Just last month Twitter was forced to pull tweets which included anti-jewish jokes following legal threats from the French Jewish Students Union, according to AFP. They also pulled hashtags which were deemed anti-Jewish such as #unbonjuif (agoodjew). Apparently it is against the law in France to make anti-semitic jokes. That is the consensus of the news stories across the internet.
And yet ...
Only the previous month a French magazine, in an action which was much more publicly inflammatory and anti-semitic, produced a series of cartoons insulting to Muslims. What was response to that? Police went to guard the magazine offices. Not to raid them, not to issue an injunction, but to protect them.
Seems to me a plausible case of outrageous hypocrisy.

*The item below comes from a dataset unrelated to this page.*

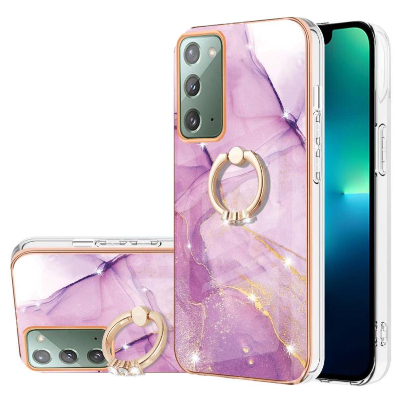For Samsung Galaxy Note20 Electroplating Marble IMD TPU Phone Case with Ring Holder(Purple 001)

Yet it would be unfair to blame the French for being two-faced hypocrites when it comes to Muslims. The response to the two issues was pretty much the same in most of the English-speaking media. In the first case there was a staunch defense of free speech; in the second case, no defense at all.
Surely you think; with the wealth of media commentary available on such a topical issue, some official media outlet has pointed out this obvious fact? Not one. Not one media commentator has made the obvious comparison between the two cases. Not even to disagree with my conclusion. This is what we have nowadays with our super-free 24/7 internet enabled media world. A uniformity, a closed mindset, a lack of analysis and evaluation, that would sit comfortably with the great days of 1950s Soviet journalism.
And with a media that crap, we are hardly likely to see a ripple in the public discourse in Europe, which will continue to be utterly hypocritical and anti-muslim.